Believe me, your feelings are understandable, but unfounded. You are not alone. You have family who I'm sure, will want to support you if you let them. You don't need to feel guilty for being sick. You didn't ask for MS, it just happened.

You and your family need to learn together about what MS is and what you can do about it. You, with their help, should begin to work out what will happen if you have to stop working and when that might happen. You can't do this alone, because whatever happens will affect everyone, whether you want it to or not.

If you haven't yet joined the National MS Society (NMSS), do that now. They can answer a lot of your questions about the work issue. Before you make any decisions, talk to someone there.

Begin thinking about your family, close friends, your doctor, your neurologist, as part of your team. These are the people who will help you get through your days with MS. You will ultimately need to make your own decisions based on how you feel, but don't leave them out of the picture.

I think I would have felt terrible if Cir hadn't explained to me how he was feeling. I would have felt worse knowing that I could have helped him deal with it somehow, even if it was just being there.

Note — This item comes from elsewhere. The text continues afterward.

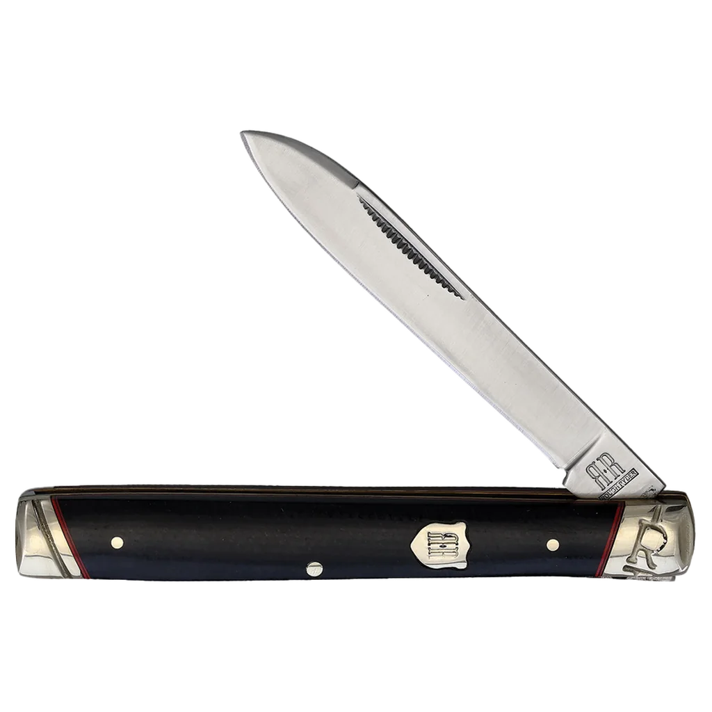 The Rough Ryder Highland Black Micarta Doctor’s Knife is a blend of timeless elegance and rugged functionality, perfect for those who value tradition in their everyday carry. Part of the Highland Black Micarta Series, this knife embodies the craftsmanship that Rough Ryder is known for, delivering a reliable tool that doesn’t sacrifice on style. The heart of the Doctor’s Knife is its 2.5-inch spear point blade, crafted from 440A stainless steel. Known for its excellent balance of edge retention, corrosion resistance, and ease of sharpening, 440A steel is a dependable choice for daily tasks. The blade features a satin finish that adds a touch of refinement, while the match strike pulls provide an easy, reliable way to open the knife. The handle of the Highland Black Micarta Doctor’s Knife is where this piece truly shines. Constructed from durable black micarta, the handle offers both a comfortable grip and a sleek appearance. The red underliners provide a subtle yet striking contrast, adding depth and character to the knife’s design. Brass liners add structural integrity, while nickel silver pins and bolsters enhance both the durability and the classic look of the knife. The handle is adorned with a nickel silver Rough Ryder badge shield, a mark of quality and tradition that signifies the knife’s heritage.
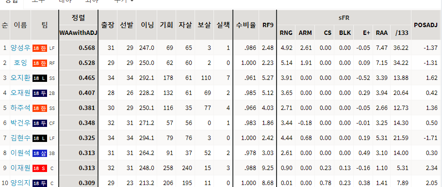 수비 1위가 양성우네

I was glad I did know. That we were going through this together. I admit, there were times that I didn't "get it" (what he was going through), but eventually I did and we made it through. The most important thing is that we made it through together.

If talking about your feelings is difficult for you, (it is for me), then maybe a support group may help. There may be one through the NMSS that can help you and your family deal with what's going on. At least you can begin the dialogue or listen and learn how others have dealt with it.

Depression is a real symptom of MS. Sometimes it's a side effect of a medication you are taking (that's why you need to see your doctor). And sometimes it's a result of the MS. The uncertainty of living day to day with a condition where you don't know what's going to happen next can cause stress. This can lead to depression.

So get help, now, not later. Take the time now to see a doctor. Talk to your family now. Don't hide it from them anymore. Give them the chance to support you and don't feel guilty getting the help you need.